Many singles think marriage makes life perfect. Hmm, just ask a married person about that. Marriage complicates many things. Being single, at times, is easier. You have only one person to worry about. Add a spouse and a couple of kids, and your needs become secondary.
Paul know this and liked being single.

I would like you to be free from concern. An unmarried man is concerned about the Lord's affairs - how he can please the Lord. But a married man is concerned about the affairs of this world - how he can please his wife - and his interests are divided. An unmarried woman or virgin is concerned about the Lord's affairs: Her aim is to be devoted to the Lord in both body and spirit. But a married woman is concerned about the affairs of this world - how she can please her husband. I am saying this for your own good, not to restrict you, but that you may live in a right way in undivided devotion to the Lord. (1 Cor 7:32-35)

Marriage redefines our service. Participating in Bible studies and working at the homeless shelter are replaced with family dinners and our spouses' office parties.
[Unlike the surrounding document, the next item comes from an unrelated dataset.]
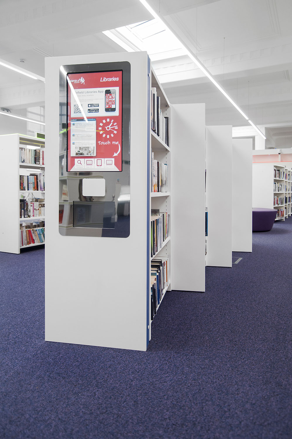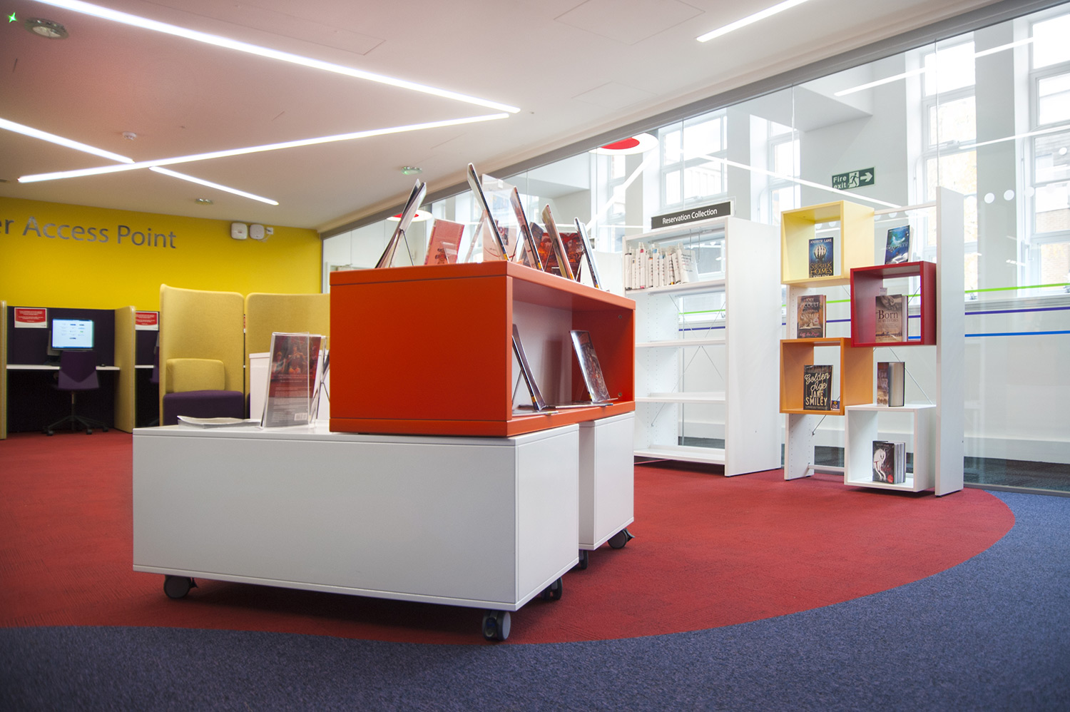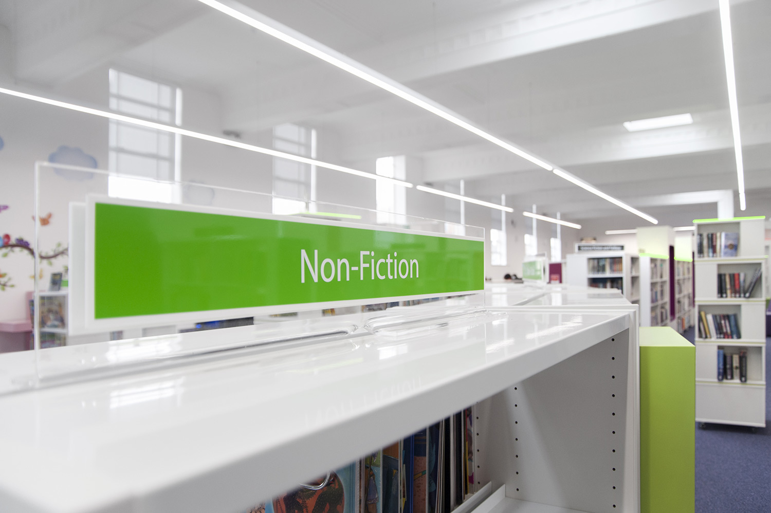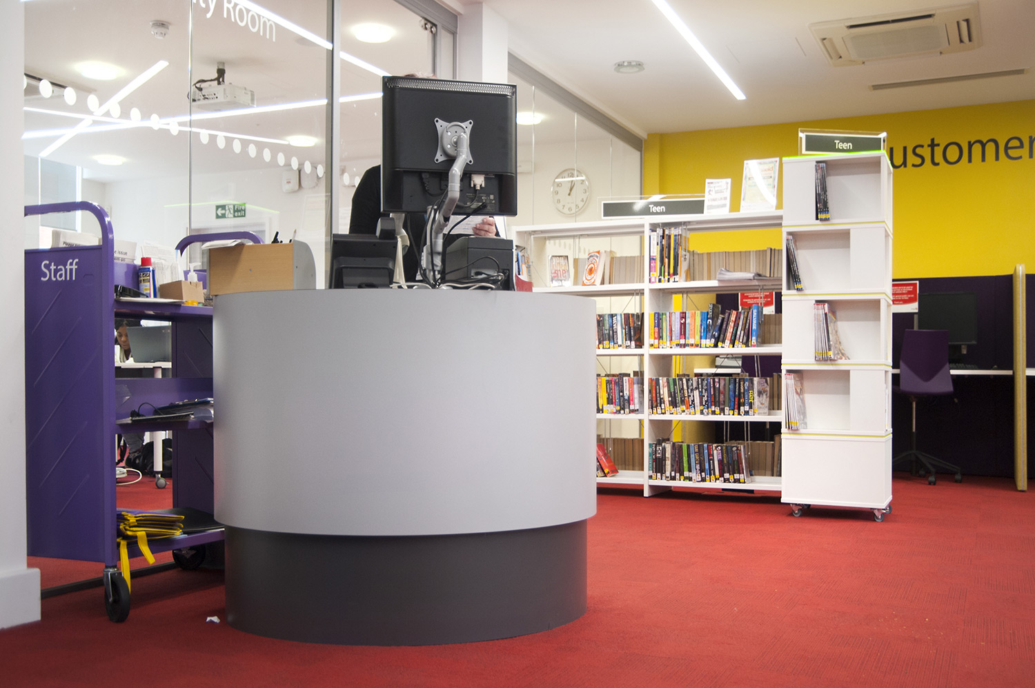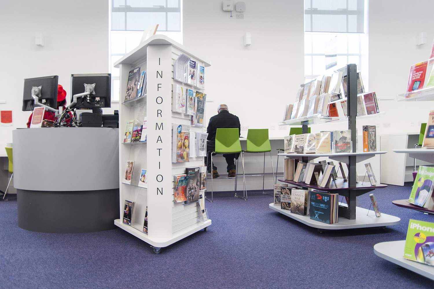 Produkter som används på Palmers Green bibliotek, London, Storbritannien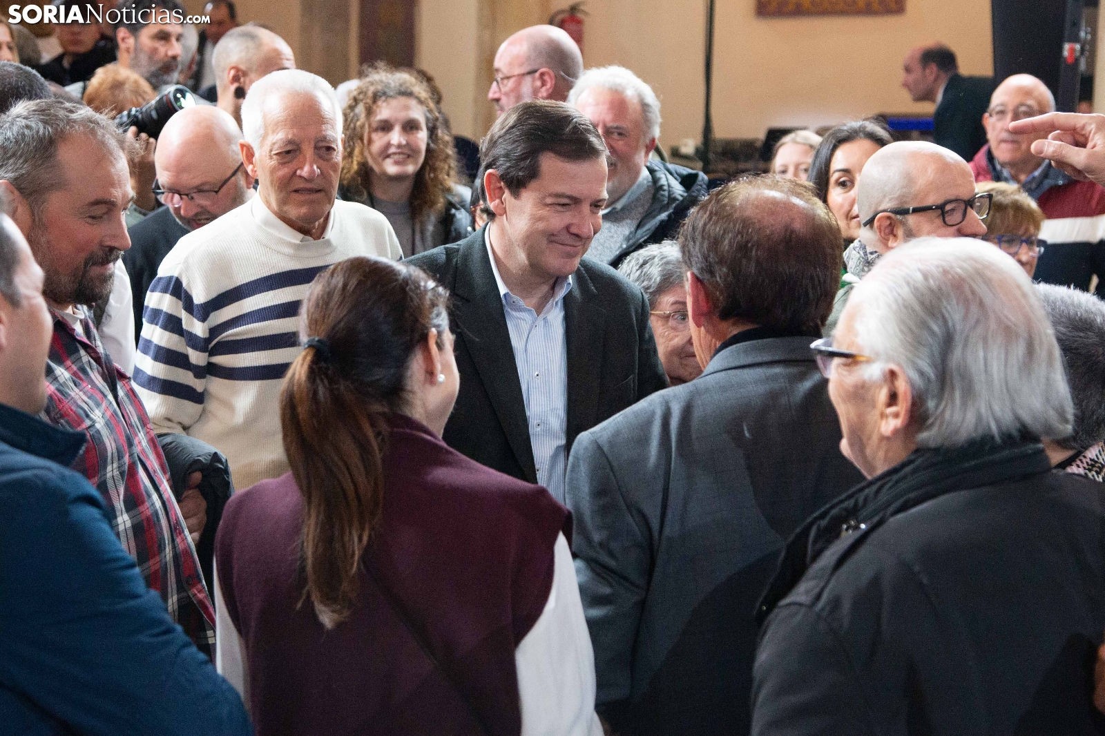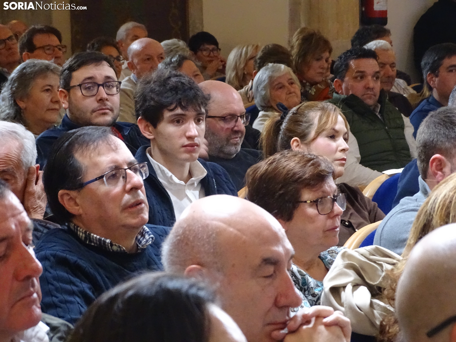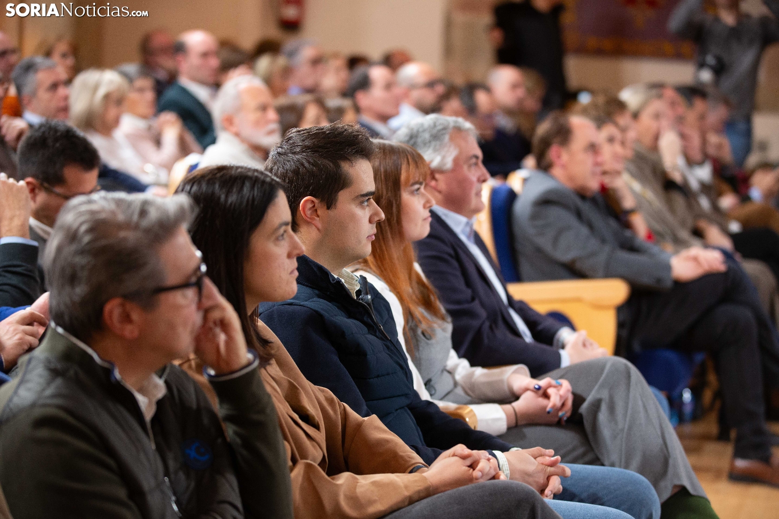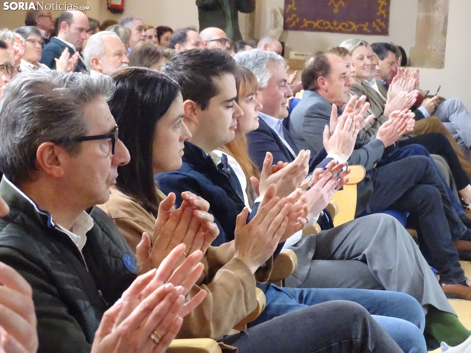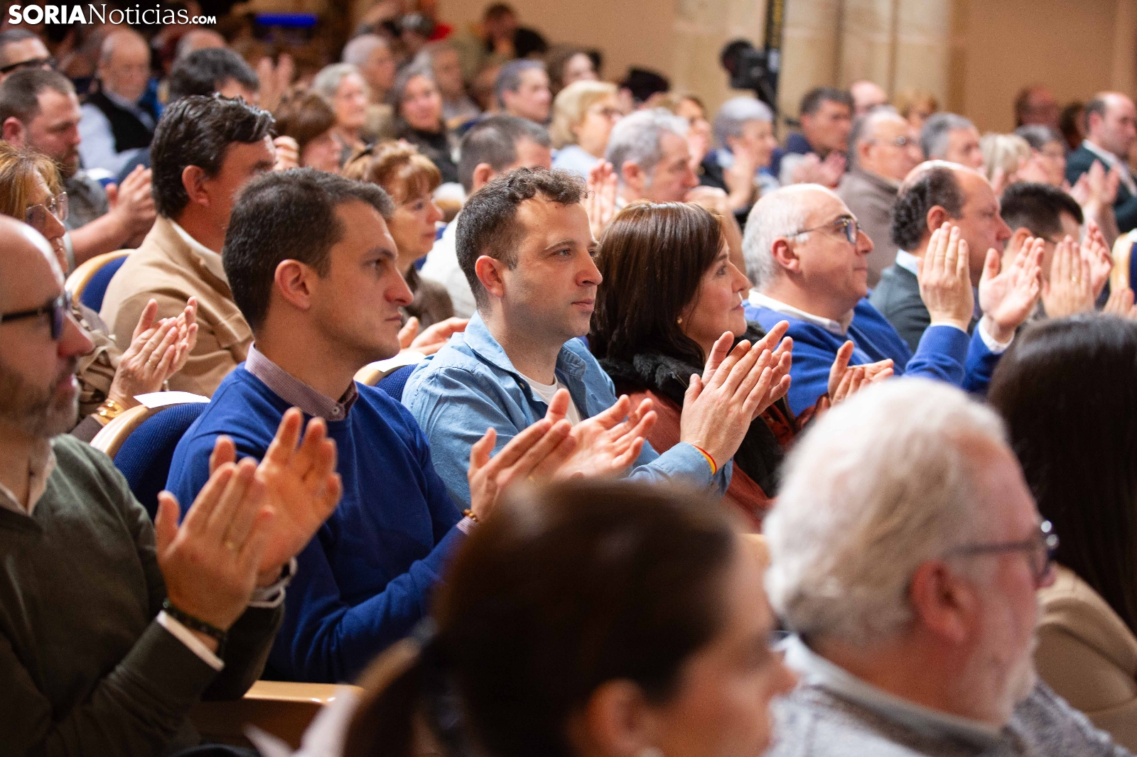 Multitudinaria asistencia en el acto del PP que ha celebrado hoy en el Aula Magna Tirso de Molina, una cita eje de la campaña del 15M para la formación de Feijóo en Soria. Simpatizantes, afiliados y alcaldes han arropado al candidato a presidir la Junta, Alfonso Fernández Mañueco, dentro de un mitin en el que han intervenido Rocío Lucas, primera en la lista por Soria, y Benito Serrano, presidente de la formación en la provincia. Caras conocidas y también nuevas en el panorama político con una puesta en escena sin estridencias, dentro de una convocatoria celebrada en el ecuador del compás electoral.

For many of us, this is great.
Paul, however, felt that marriage would divide his attention.
As a single man, Paul traveled all over Asia and Europe, spreading the gospel. He started churches and debated some of he smartest scholars of all time. What about Peter? What did Peter do? Peter was married. Jesus healed his mother-in-law, which means Peter had a wife (Matt 8:14-15). At the beginning of Acts, we hear a lot about Peter and his work in and around Israel. Yet we don't hear of Peter's adventures around the world. Why? He probably had to stay home, near his wife and family. He took three years off to travel with Christ, but after that, his ministry area became more confined because his attention was divided.
Was Peter ineffective? No. Was he limited in his effectiveness? Yes. Marriage limited him.
Paul goes on to say, "Look, if you can't restrain yourself, get married" (see 1 Cor 7:9). But don't miss the heart of the teaching: unmarrieds may be without a spouse, but they are not without a groom. Singles can be a vital part of the bride of Christ, the church, as it prepares itself for that final, great wedding day.